В глазах такая радость. Девушка даже не сдерживается, отчего несколько слёз начинают течь по щекам. Улыбка не сходит с лица. Вера в такое чудо заставляет пронзиться некой эйфорией, от которой хочется взлететь.
Господи, спасибо! Спасибо за то, что ей дан этот миг! Ведь ради этого... ради этого она действительно готова была идти до конца.
Но почему-то всё это время Зейн не разделяет с ней радости. Его взгляд всё такой же пронзительный, а руки не на секунду не отпускают её запястье, которое продолжают удерживать в своей хватке. Сначала Лорен этого даже не замечает. Но потом заметить приходится. Потому что ладони Малика сжимают её крепче. Потому что он подносит её руку к своим губам. И целует так жадно, так горячо, что её разодранные до крови пальцы почти пекут от таких страстных прикосновений.
Что же он делает?.. Что вообще происходит?
А Зейн не останавливается. Он целует её руку, как сумасшедший, а потом, наклоняя голову и сжимая её ладонь, он судорожно дышит. Рыдает теперь сам Малик. Теперь сам он, тот, кто отличался своим хладнокровием и бесчувственностью, проникается дикими и настоящими слезами.
- Ты умирала у меня на руках, Лорен... – шёпот. Дикий, прерывистый. – Ты умирала у меня на руках.
Она не знает, что сказать. Она не знает, что делать.
Просто сидит и чувствует то напряжение, которое раздирает этого человека по кускам. Он так измучен. Он так напуган, что сейчас до сих пор не может насладиться такой удачной реальностью. Ему больно.
- Ты просто знай, ладно? – его глаза находят её лицо. Он приподнимает голову и заглядывает прямо в центр её души. – Просто помни, как ты мне нужна.
И, наверное, этот момент стал роковым в её жизни. Наверное, это всё стало безвозвратной точкой её непрекращающегося безумия.
Потому что струна души резко содрогнулась. Злость на Зейна, за его поступки, за его слова, ушла на задний план. А что же осталось? Что же произошло?
Лорен неожиданно это выяснила. И неожиданно поняла.

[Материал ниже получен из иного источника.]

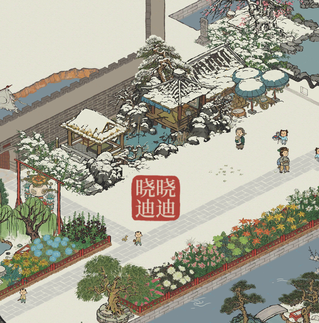 #冬雪江南#游戏账号:mfyujh49ns5我自己挺喜欢这一块布置的,在松江府

Она влюбилась в этого человека. Она влюбилась в этого жестокого, ужасного Зейна, который принёс в её жизнь почти одну боль. И за что же возникла такая любовь? Отчего она смогла проявиться?
Наверное, от его искренности, не так ли? От того, как он сейчас на её смотрит. От того, как сильно он стал ценить её жизнь.
Она любит его. Просто потому, что сама любовь Зейна смогла её спасти этой ночью. Просто потому, что Зейн смог удержать её на этой земле.
Виктория медленно подходит к центру этого зала. Здесь пусто — никого нет, да и вряд ли кто-то появится в такое позднее время. Вокруг витает тишина и Виктория наслаждается этой атмосферой, улавливая каждое её мгновение. Ей не хватает спокойствия. Или хотя бы просто нужного одиночества, которое с нынешнего времени дарит ей силы.
Девушка аккуратно дотрагивается до набора ножей. Её любимое оружие. Её любимый вид силы.
Кончиками пальцев проводя по острому лезвию, Викторию с наслаждением удерживает в своей руке этот металлический предмет. Холодный, острый. Он так приятно соприкасается с её кожей. Она улыбается. Настраивается на нужный удар, а потом просто кидает нож в центр мишени.
Точное попадание. Ни одного лишнего сантиметра.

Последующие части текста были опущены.